-- INFORMATION SHOWN --

Content starts

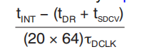 对于tINT=400μs和DCLK=20MHz,DDC264s的最大数量为6(对于Format=0,则为7)。
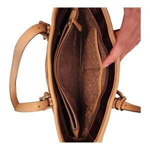 Michael Kors Patent Logo Monogram Tote Bag. No rips, tears, or Stains. In Excellent condition. Color is silver/pewter.
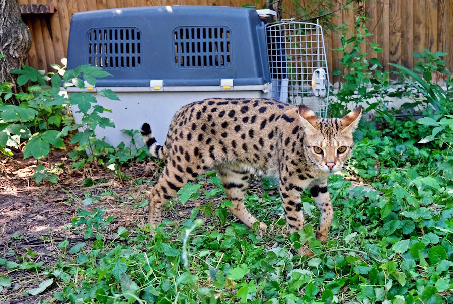 Кішка-саванна Маля, передана Київському зоопарку волонтерами, успішно пройшла карантин і тепер досліджує свої нові володіння.

Content ends

-- EXERCISE --
With the pictures excluded, the line containing "Michael Kors Patent" and every line after it through the end of the data above are to be transcribed exactly, and nothing more.

-- SOLVED PROBLEM --
 Michael Kors Patent Logo Monogram Tote Bag. No rips, tears, or Stains. In Excellent condition. Color is silver/pewter.
 Кішка-саванна Маля, передана Київському зоопарку волонтерами, успішно пройшла карантин і тепер досліджує свої нові володіння.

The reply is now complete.